The required output holds only the lines from the one containing "王博士,上海交通大学管理学院" through the end of the material below, copied exactly, please, with no pictures.

━━ Dataset excerpt

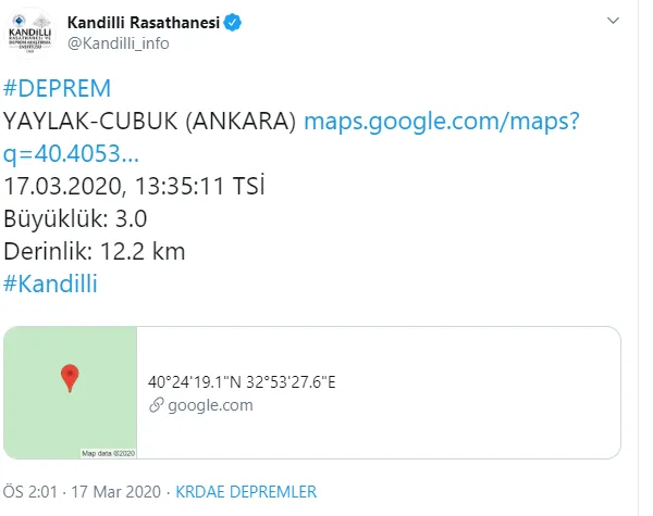 Son dakika haberine göre Kandilli'den alınan verilerle Ankara'nın Çubuk ilinde bir deprem meydana geldi. Kandilli Rasathanesi tarafından depremin şiddeti 3.0 olarak duyuruldu. 17 Mart tarihinde saat 13.35'te meydana gelen depremin büyüklüğü AFAD tarafından 2.6 olarak kayıtlara geçti. Türkiye'nin başkenti Ankara'da yaşanan kısa süreli deprem paniğe sebep olsa da can ve mal kaybı yaşanmadı. İşte 17 Mart 2020 Pazartesi Kandilli ve AFAD son depremler listesi!
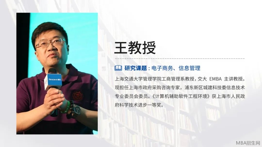 王博士,上海交通大学管理学院副教授,上海交大管理学院EMBA主讲教授。国内电子商务与信息化管理的技术型与管理型双重专家。上海交通大学管理学院EMBA学员最受欢迎讲师之一,现担任上海市政府采购咨询专家,徐汇区人民政府专家顾问委员会委员,浦东新区城建科技委信息技术专业委员会委员。善于将复杂枯燥的信息技术与信息管理内容深入浅出,讲课风趣,注重应用,著有《电子商务-管理新视角》。
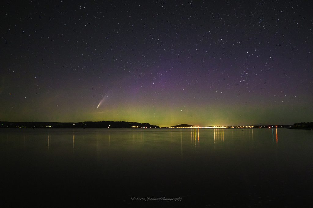 El Cometa C/2020 F3 (NEOWISE) y auroras boreales, captados desde Washington, Estados Unidos
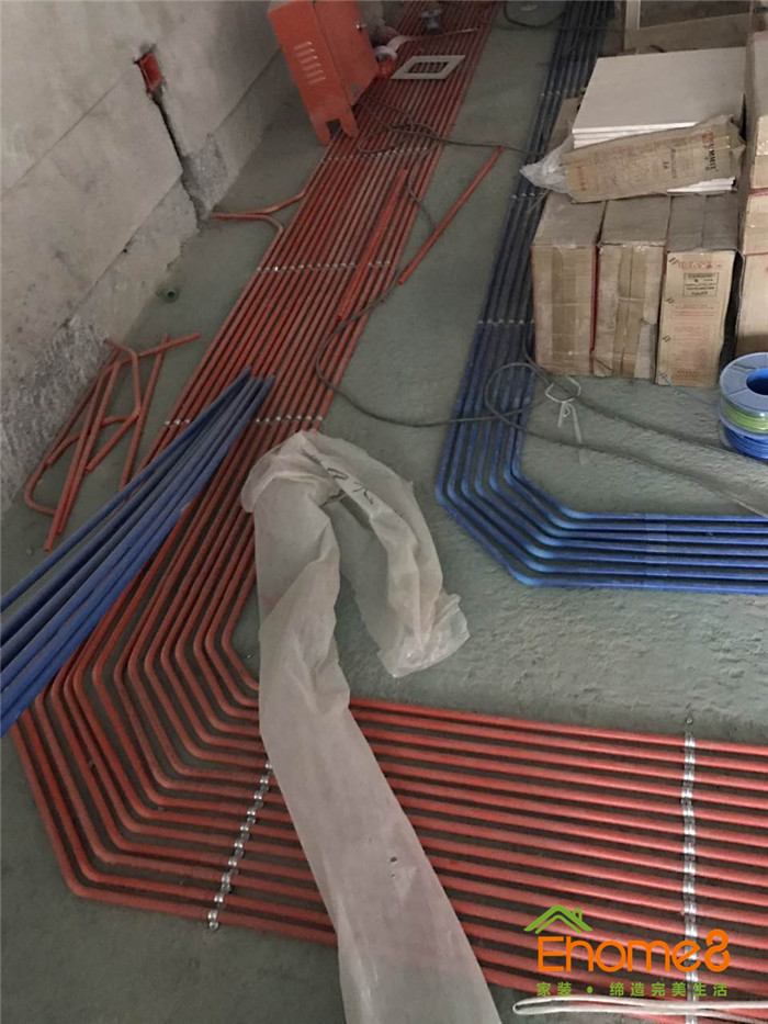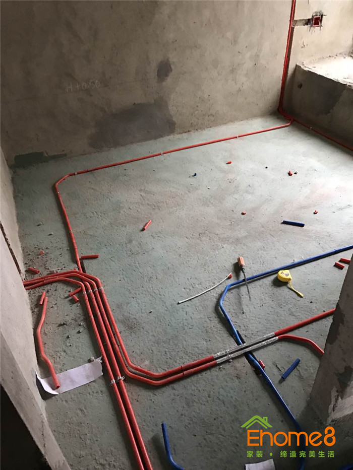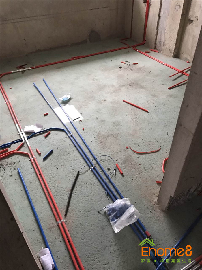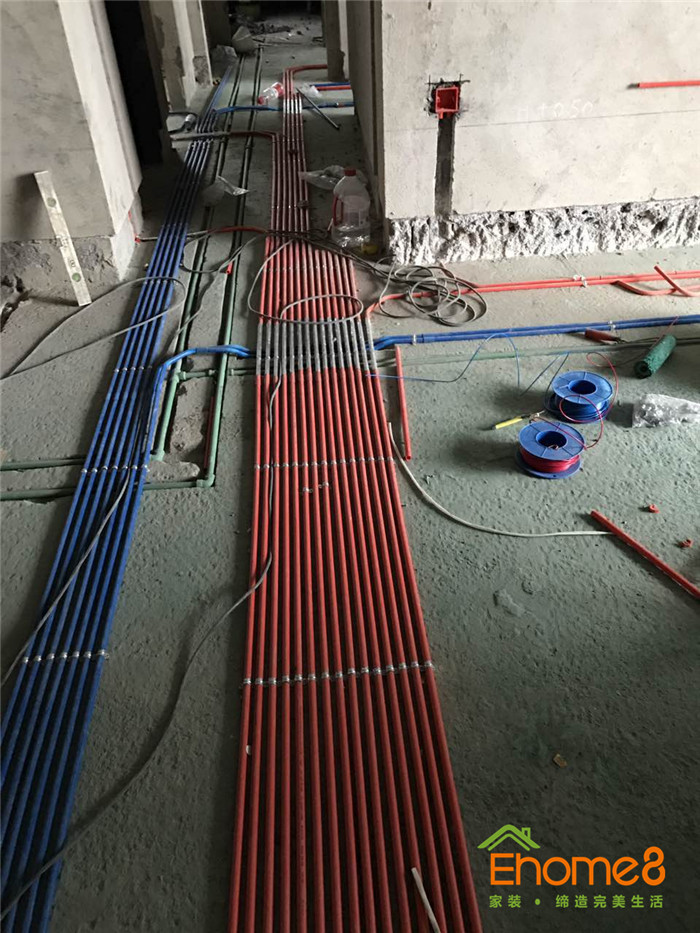 • 水電施工中,正在布管布線,工地稍微有些亂

━━━━

**Reply:**
 王博士,上海交通大学管理学院副教授,上海交大管理学院EMBA主讲教授。国内电子商务与信息化管理的技术型与管理型双重专家。上海交通大学管理学院EMBA学员最受欢迎讲师之一,现担任上海市政府采购咨询专家,徐汇区人民政府专家顾问委员会委员,浦东新区城建科技委信息技术专业委员会委员。善于将复杂枯燥的信息技术与信息管理内容深入浅出,讲课风趣,注重应用,著有《电子商务-管理新视角》。
 El Cometa C/2020 F3 (NEOWISE) y auroras boreales, captados desde Washington, Estados Unidos
 • 水電施工中,正在布管布線,工地稍微有些亂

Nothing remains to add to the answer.